Cingulum white matter in young women at risk of depression: the effect of family history and anhedonia.

BACKGROUND: Altered white matter microstructure in tracts integral to mood regulation networks could underlie vulnerability to major depressive disorder (MDD). Guided by functional magnetic resonance studies, we explored whether a positive family history of MDD (FH+) and anhedonia (reduced capacity for pleasure) were associated with altered white matter microstructure in the cingulum bundles and uncinate fasciculi. METHODS: Diffusion tensor magnetic resonance imaging data were acquired on 34 healthy female student volunteers (mean age 22 years). Exclusion criteria included other current or previous psychiatric disorder, current depression, and current psychotropic medication. Family history was determined using established criteria. Fiber tractography was performed for each individual for a priori tracts of interest and a comparison tract. Mean fractional anisotropy (FA), an index of microstructure, was calculated for each tract. RESULTS: Tracts were reconstructed in 18 FH+ individuals and 15 FH- individuals, who did not differ by age or subclinical depressive symptoms. FH+ subjects had 3% to 5% lower FA in the right and left cingulum bundles than FH- individuals (p = .012, p = .059, respectively). Post hoc analysis demonstrated 8% lower FA in the left subgenual cingulate (p = .007). Hedonic tone correlated positively with FA in the right and left cingulum bundles (r = .342, p = .052; r = .477, p = .005, respectively), and the left subgenual cingulum (r = .500, p = .003). CONCLUSIONS: Both family history of MDD and subclinical anhedonia are associated with reduced FA in the bilateral cingulum bundles, particularly in the left subgenual cingulum. Altered cingulum white matter architecture is implicated in the etiology of MDD.

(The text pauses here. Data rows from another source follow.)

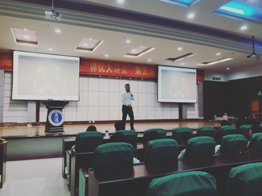 讲座中,曹昊楠老师用从为学会感恩、正能量生活、结交志同道合的朋友、年轻就是资本、如何充实自己5个方面,向在场同学分享了自己的生活经历、创业经历,希望同学们从他的经历中收获自信,把握好大学生在校三年时间,好好学习,做一个对社会有用的人。曹昊楠老师用生动的语言、饱满的热情赢得了同学们的阵阵掌声。
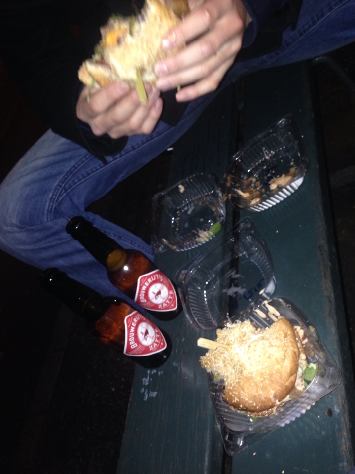 Awesome hangover burger!! Too bad the Brouwerij 't IJ beers are only for take outs, but definitely worth it!
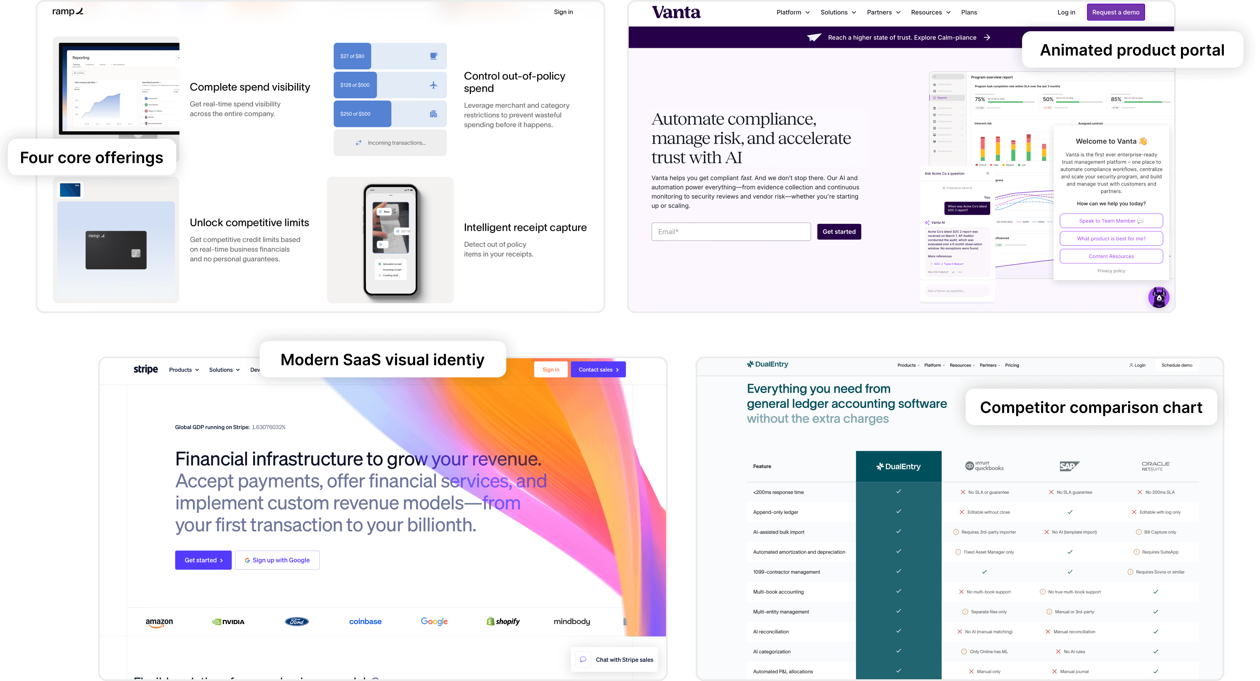 I refined the product section into four clear cards, each with UI previews to make the offering more tangible and scannable.

Subgenual cingulate and visual cortex responses to sad faces predict clinical outcome during antidepressant treatment for depression.

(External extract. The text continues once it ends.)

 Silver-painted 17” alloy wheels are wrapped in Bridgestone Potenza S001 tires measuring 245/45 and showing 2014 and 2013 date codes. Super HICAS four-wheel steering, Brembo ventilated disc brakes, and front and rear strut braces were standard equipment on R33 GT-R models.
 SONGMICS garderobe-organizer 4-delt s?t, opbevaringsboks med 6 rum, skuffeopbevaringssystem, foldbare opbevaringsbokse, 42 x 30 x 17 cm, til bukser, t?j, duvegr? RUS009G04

BACKGROUND: Previous follow-up studies indicate that increased visual cortical, ventral cingulate and subcortical responses of depressed individuals to sad facial stimuli, but not happy stimuli could represent reversible markers of disease severity. We hypothesized that greater responses in these areas to sad stimuli, but not happy stimuli, would predict better subsequent clinical outcome. We also explored areas that would predict a poor outcome. METHODS: Twelve melancholically depressed individuals in the early stages of antidepressant treatment in a secondary care setting participated in two experiments comparing responses to varying intensities of sad and happy facial stimuli, respectively, using event related functional MRI. They repeated the experiments after a mean delay of 12 weeks of treatment. RESULTS: There was a variation in response to treatment. Greater right visual cortex and right subgenual cingulate (R-BA25) responses to sad stimuli, but not happy stimuli, in the early stages of treatment were associated with a good clinical outcome. Greater ventrolateral prefrontal cortex responses to either stimulus type were associated with a relatively poor outcome. LIMITATIONS: The sample size was modest and patients were taking a variety of antidepressants. CONCLUSIONS: Right subgenual cingulate and right visual cortical responses to sad stimuli predict good clinical outcome in the context of antidepressant treatment for severe depression in a naturalistic setting. Ventrolateral prefrontal cortex activity may indicate poor prognosis due to its relationship with negative rumination.